▸ **ABOUT THIS TASK**
Print exactly the lines below between the line holding "Selger et nydelig" and the line holding "If you are in", inclusive, and nothing more.

▸ **INPUT FOR THIS TASK**
****
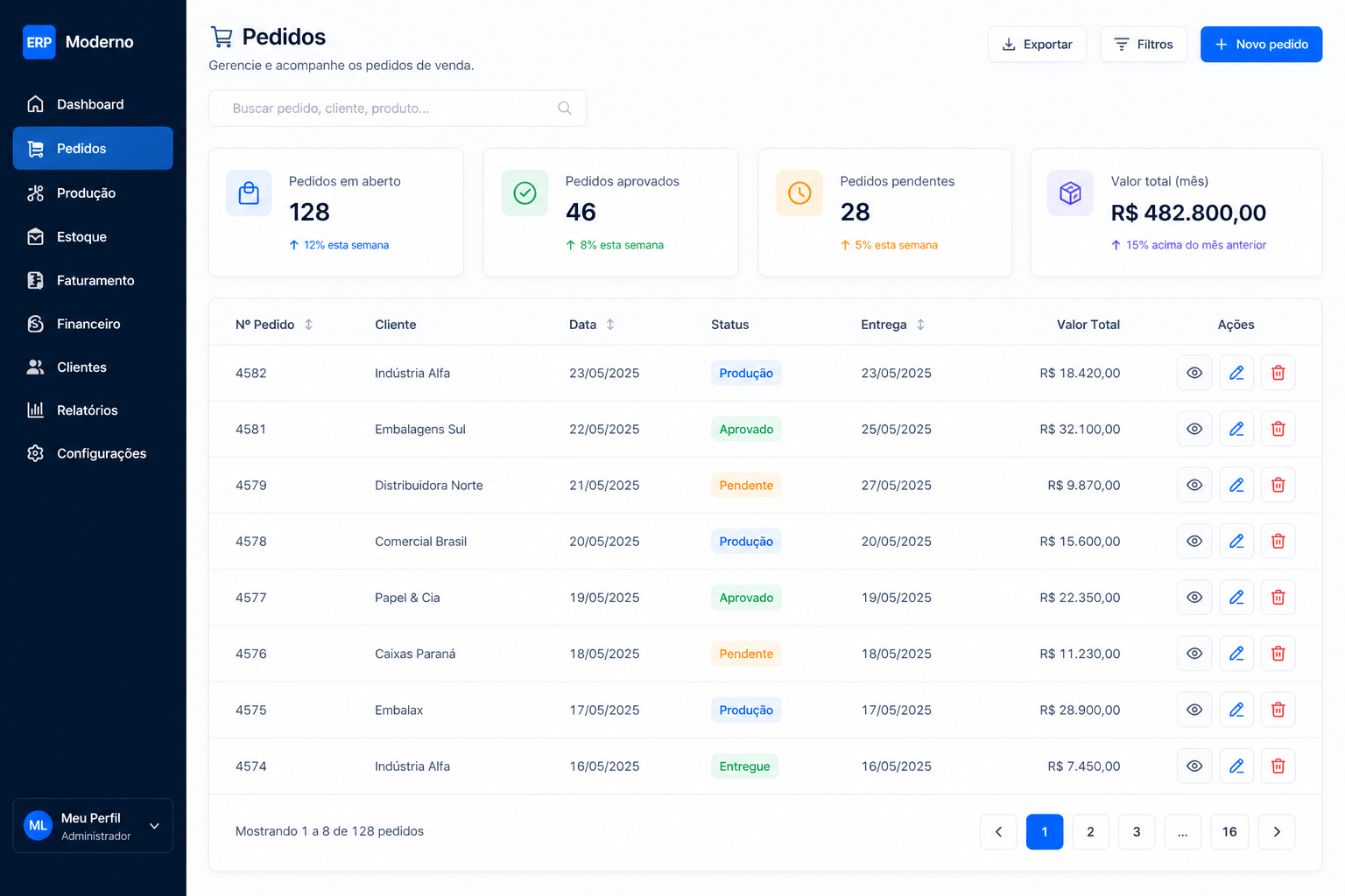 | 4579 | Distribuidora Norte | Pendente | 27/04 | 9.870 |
****
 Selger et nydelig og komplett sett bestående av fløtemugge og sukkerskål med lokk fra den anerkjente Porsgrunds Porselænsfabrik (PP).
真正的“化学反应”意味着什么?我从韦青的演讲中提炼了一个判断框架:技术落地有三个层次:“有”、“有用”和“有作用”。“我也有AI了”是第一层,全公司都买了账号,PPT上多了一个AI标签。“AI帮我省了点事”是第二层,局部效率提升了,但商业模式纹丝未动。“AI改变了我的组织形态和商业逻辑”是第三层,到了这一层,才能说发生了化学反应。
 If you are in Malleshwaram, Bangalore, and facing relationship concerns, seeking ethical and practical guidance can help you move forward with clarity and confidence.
****
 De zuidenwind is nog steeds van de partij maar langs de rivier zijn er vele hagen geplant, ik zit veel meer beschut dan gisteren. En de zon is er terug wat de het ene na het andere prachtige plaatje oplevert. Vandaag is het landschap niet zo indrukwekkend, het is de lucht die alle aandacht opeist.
****
▸ **SOLUTION BELOW**
 Selger et nydelig og komplett sett bestående av fløtemugge og sukkerskål med lokk fra den anerkjente Porsgrunds Porselænsfabrik (PP).
真正的“化学反应”意味着什么?我从韦青的演讲中提炼了一个判断框架:技术落地有三个层次:“有”、“有用”和“有作用”。“我也有AI了”是第一层,全公司都买了账号,PPT上多了一个AI标签。“AI帮我省了点事”是第二层,局部效率提升了,但商业模式纹丝未动。“AI改变了我的组织形态和商业逻辑”是第三层,到了这一层,才能说发生了化学反应。
 If you are in Malleshwaram, Bangalore, and facing relationship concerns, seeking ethical and practical guidance can help you move forward with clarity and confidence.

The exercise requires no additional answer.